- **TASK TO CARRY OUT**: Every line below from the one with "٢٦١٦١ - حَدَّثَنَا" through the one with "中堅の先生や主幹教諭の先生も参加し、一緒に勉強していました。(副校長)" is to be repeated exactly, with no picture among them.

- **PROVIDED INFORMATION**:
*** Block opens ***

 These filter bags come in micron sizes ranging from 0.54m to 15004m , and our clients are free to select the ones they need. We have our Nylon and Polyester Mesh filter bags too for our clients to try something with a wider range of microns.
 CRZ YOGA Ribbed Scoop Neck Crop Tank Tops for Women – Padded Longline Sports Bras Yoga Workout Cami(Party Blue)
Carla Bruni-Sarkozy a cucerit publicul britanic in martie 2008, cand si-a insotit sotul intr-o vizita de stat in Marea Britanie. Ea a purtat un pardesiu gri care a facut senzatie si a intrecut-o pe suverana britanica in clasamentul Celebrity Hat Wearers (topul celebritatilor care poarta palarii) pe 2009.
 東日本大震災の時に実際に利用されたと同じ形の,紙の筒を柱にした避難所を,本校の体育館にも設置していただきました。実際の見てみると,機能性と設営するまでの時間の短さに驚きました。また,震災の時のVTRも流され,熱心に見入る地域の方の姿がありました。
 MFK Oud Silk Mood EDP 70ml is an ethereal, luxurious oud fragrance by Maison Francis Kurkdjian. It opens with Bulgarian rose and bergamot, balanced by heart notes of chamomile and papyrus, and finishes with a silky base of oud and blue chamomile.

*** Block closes ***
*** Block opens ***

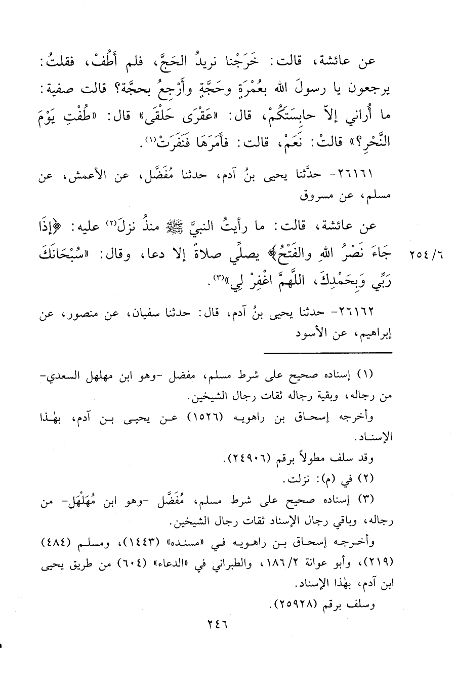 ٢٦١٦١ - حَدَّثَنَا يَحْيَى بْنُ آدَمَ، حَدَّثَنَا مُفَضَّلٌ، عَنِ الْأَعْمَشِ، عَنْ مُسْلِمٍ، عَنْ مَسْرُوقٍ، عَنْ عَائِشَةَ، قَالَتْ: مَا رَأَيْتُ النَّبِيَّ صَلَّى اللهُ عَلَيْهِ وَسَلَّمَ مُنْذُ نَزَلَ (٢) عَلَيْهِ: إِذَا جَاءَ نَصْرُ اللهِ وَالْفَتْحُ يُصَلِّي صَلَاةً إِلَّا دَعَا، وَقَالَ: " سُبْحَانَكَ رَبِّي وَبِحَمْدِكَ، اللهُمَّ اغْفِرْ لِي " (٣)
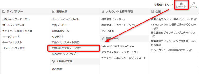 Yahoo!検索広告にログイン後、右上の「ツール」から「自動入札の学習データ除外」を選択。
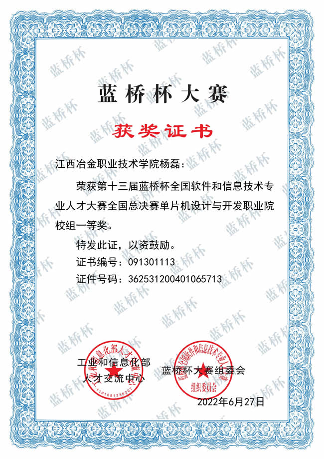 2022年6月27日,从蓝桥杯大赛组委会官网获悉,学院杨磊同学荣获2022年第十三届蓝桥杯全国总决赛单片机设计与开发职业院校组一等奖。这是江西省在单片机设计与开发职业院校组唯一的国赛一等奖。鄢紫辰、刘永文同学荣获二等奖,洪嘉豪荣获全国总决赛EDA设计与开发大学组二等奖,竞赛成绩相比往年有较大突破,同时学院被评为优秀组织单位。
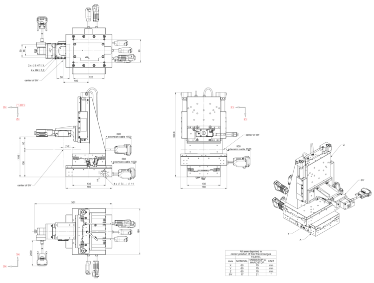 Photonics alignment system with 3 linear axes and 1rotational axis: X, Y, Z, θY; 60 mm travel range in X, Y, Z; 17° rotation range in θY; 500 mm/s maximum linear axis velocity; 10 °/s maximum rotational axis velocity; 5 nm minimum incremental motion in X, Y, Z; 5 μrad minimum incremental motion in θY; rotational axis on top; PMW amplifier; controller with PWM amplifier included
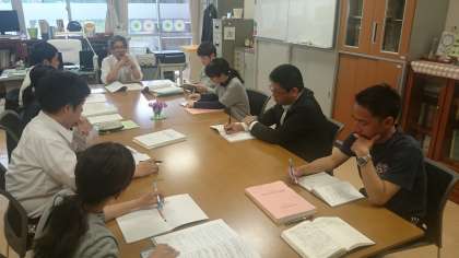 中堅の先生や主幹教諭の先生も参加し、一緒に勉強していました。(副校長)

*** Block closes ***

- **EXPECTED OUTPUT**:
 ٢٦١٦١ - حَدَّثَنَا يَحْيَى بْنُ آدَمَ، حَدَّثَنَا مُفَضَّلٌ، عَنِ الْأَعْمَشِ، عَنْ مُسْلِمٍ، عَنْ مَسْرُوقٍ، عَنْ عَائِشَةَ، قَالَتْ: مَا رَأَيْتُ النَّبِيَّ صَلَّى اللهُ عَلَيْهِ وَسَلَّمَ مُنْذُ نَزَلَ (٢) عَلَيْهِ: إِذَا جَاءَ نَصْرُ اللهِ وَالْفَتْحُ يُصَلِّي صَلَاةً إِلَّا دَعَا، وَقَالَ: " سُبْحَانَكَ رَبِّي وَبِحَمْدِكَ، اللهُمَّ اغْفِرْ لِي " (٣)
 Yahoo!検索広告にログイン後、右上の「ツール」から「自動入札の学習データ除外」を選択。
 2022年6月27日,从蓝桥杯大赛组委会官网获悉,学院杨磊同学荣获2022年第十三届蓝桥杯全国总决赛单片机设计与开发职业院校组一等奖。这是江西省在单片机设计与开发职业院校组唯一的国赛一等奖。鄢紫辰、刘永文同学荣获二等奖,洪嘉豪荣获全国总决赛EDA设计与开发大学组二等奖,竞赛成绩相比往年有较大突破,同时学院被评为优秀组织单位。
 Photonics alignment system with 3 linear axes and 1rotational axis: X, Y, Z, θY; 60 mm travel range in X, Y, Z; 17° rotation range in θY; 500 mm/s maximum linear axis velocity; 10 °/s maximum rotational axis velocity; 5 nm minimum incremental motion in X, Y, Z; 5 μrad minimum incremental motion in θY; rotational axis on top; PMW amplifier; controller with PWM amplifier included
 中堅の先生や主幹教諭の先生も参加し、一緒に勉強していました。(副校長)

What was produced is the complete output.